Among the biggest unknowns is what will happen along California's coast as the world's ice sheets and glaciers melt. One scenario suggests the sea level could rise by more than 20 feet.

Will the rising sea swamp the ports of Long Beach and Los Angeles, the nation's busiest harbor complex, turning them into a series of saltwater lakes? Will funky Ocean Beach, an island of liberalism in conservative San Diego County, become, literally, its own island?

Among the more sobering projections is what is in store for marine life.

The upwelling season, the time when nutrient-rich water is brought from the ocean's depths to the surface, nourishes one of the world's richest marine environments.

That period, from late spring until early fall, is expected to become weaker earlier in the season and more intense later.

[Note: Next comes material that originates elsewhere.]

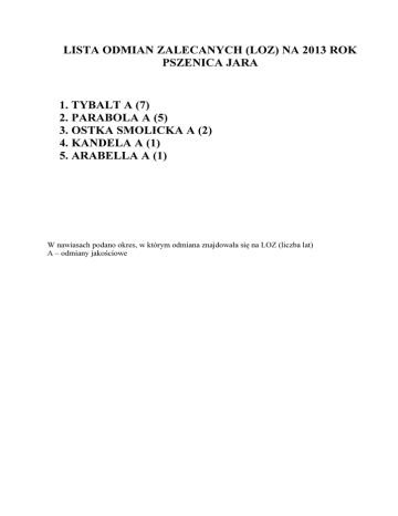 LISTA ODMIAN ZALECANYCH (LOZ) NA 2013 ROK PSZENICA JARA 1. TYBALT A (7) 2. PARABOLA A (5) 3. OSTKA SMOLICKA A (2) 4. KANDELA A (1) 5. ARABELLA A (1) W nawiasach podano okres, w którym odmiana znajdowała się na LOZ (liczba lat) A – odmiany jakościowe PSZENICA JARA – LOZ 2013 TYBALT Odmiana jakościowa (grupa A). Odporność na mączniaka i rdzę brunatną - duża, na septoriozę liści, septoriozę plew, fuzariozę kłosów i choroby podstawy źdźbła - średnia, na rdzę źdźbłową - dość mała. Rośliny niskie do bardzo niskich, o dość dużej odporności na wyleganie. Termin kłoszenia dość późny, dojrzewania średni. Masa 1000 ziarn duża, wyrównanie dość słabe, gęstość w stanie zsypnym mała. Odporność na porastanie ziarna bardzo duża, liczba opadania duża do bardzo dużej. Zawartość białka dość duża, ilość glutenu duża. Wskaźnik sedymentacji SDS duży do bardzo dużego. Ogólna wydajność mąki dość dobra. Plenność bardzo dobra; najlepsza wśród wszystkich obecnie zarejestrowanych odmian tego gatunku. Przedstawiciel hodowcy: Irena Szyld, Kalisz PARABOLA Odmiana jakościowa (grupa A). Odporność na wszystkie ważniejsze choroby średnia. Rośliny średniej wysokości, o przeciętnej odporności na wyleganie. Termin kłoszenia wczesny, dojrzewania dość wczesny. Masa 1000 ziarn bardzo duża, gęstość w stanie zsypnym średnia. Odporność na porastanie ziarna w kłosie mała. Liczba opadania duża do bardzo dużej, zawartość białka duża, wskaźnik sedymentacji SDS bardzo duży. Ilość glutenu duża do bardzo dużej. Plenność dobra. Tolerancja na zakwaszenie gleby dość mała. Hodowca: Małopolska HR-HBP OSTKA SMOLICKA Odmiana jakościowa (grupa A). Plenność dość dobra. Przyrost plonu przy uprawie na wysokim poziomie agrotechniki większy niż średnio dla gatunku. Odporność na septoriozę plew – duża, na rdzę brunatną, brunatną plamistość liści, septoriozę liści, fuzariozę kłosów i choroby podstawy źdźbła – średnia, na mączniaka – dość mała, na rdzę żółtą – mała. Rośliny średniej wysokości, o przeciętnej odporności na wyleganie. Termin kłoszenia średni, dojrzewania dość późny. Masa 1000 ziaren dość duża, wyrównanie dość dobre, gęstość w stanie zsypnym bardzo duża. Odporność na porastanie ziarna dość duża, liczba opadania duża. Zawartość białka i ilość glutenu średnie. Wskaźnik sedymentacyjny SDS bardzo duży. Wydajność ogólna mąki dość słaba. Tolerancja na zakwaszenie gleby przeciętna. Hodowca: HR Smolice. KANDELA Odmiana jakościowa (grupa A). Plenność dobra do bardzo dobrej. Przyrost plonu przy uprawie na wysokim poziomie agrotechniki średni. Odporność na rdzę żółtą – duża do bardzo dużej, na mączniaka i rdzę brunatną – duża, na brunatną plamistość liści, septoriozę liści i plew – średnia, na fuzariozę kłosów oraz choroby podstawy źdźbła – dość mała. Rośliny średniej wysokości, o małej odporności na wyleganie. Termin kłoszenia i dojrzewania średni. Masa 1000 ziaren średnia, wyrównanie dość słabe, gęstość w stanie zsypnym bardzo duża. Odporność na porastanie ziarna przeciętna, liczba opadania duża do bardzo dużej. Zawartość białka i ilość glutenu duże. Wskaźnik sedymentacyjny SDS bardzo duży. Wydajność ogólna mąki dość dobra. Tolerancja na zakwaszenie gleby przeciętna. Hodowca: Danko HR Choryń. ARABELLA Odmiana jakościowa (grupa A). Plenność dobra do bardzo dobrej. Przyrost plonu przy uprawie na wysokim poziomie agrotechniki poniżej średniej. Odporność na mączniaka i rdzę żółtą – duża, na rdzę brunatną – dość duża, na septoriozę liści i plew, fuzariozę kłosów oraz brunatną plamistość liści – średnia, na choroby podstawy źdźbła – dość mała. Rośliny średniej wysokości, o przeciętnej odporności na wyleganie. Termin kłoszenia wczesny, dojrzewania dość wczesny. Masa 1000 ziaren dość mała, wyrównanie przeciętne, gęstość w stanie zsypnym bardzo duża. Odporność na porastanie w kłosie dość mała, liczba opadania duża. Zawartość białka duża, ilość glutenu dość duża. Wskaźnik sedymentacyjny SDS bardzo duży. Wydajność ogólna mąki średnia. Tolerancja na zakwaszenie gleby przeciętna. Hodowca: Danko HR Choryń.

Upwelling along the Southern California coast will become weaker overall.

As a result, sea lions, blue whales and other marine mammals that follow these systems up and down the coast are expected to decline.

The changing sea will present trouble for much of the state's land-dwelling population, too. A sea level rise of 3 to 6 feet would inundate the airports in San Francisco and Oakland. Many of the state's beaches would shrink.

"If you raise sea level by a foot, you push a cliff back 100 feet," said Jeff Severinghaus, professor of geosciences at the Scripps Institution of Oceanography in San Diego. "There will be a lot of houses that will fall into the ocean."

1 comment:

  1. I am wondering about this emergent genre—you could call it “prelegy” rather than “elegy”-- which peers into the future and describes what the world will be like when we aren’t there or when parts of nature aren’t there any longer. The prelegy evokes not what was, but what is becoming absent, and it does not with a sense of what might have been (we might have saved those sequoias), but with a sense of possibility/probability that often seems illusory. Some of these elegies use the future tense throughout; others, like this AP article, trip over their mights and coulds (“landscape... COULD look quite different...” “abandoned ski lifts MIGHT dangle...”) and timid passives (“are predicted to”), with only the scientists in straightforward predictive mode: “These things are going to occur...” Which leads me to think that whether we get out of this alive depends greatly on language.
    Thank you, Nils, for your thoughtful commentary in 2007. May 2008 bring more of the same.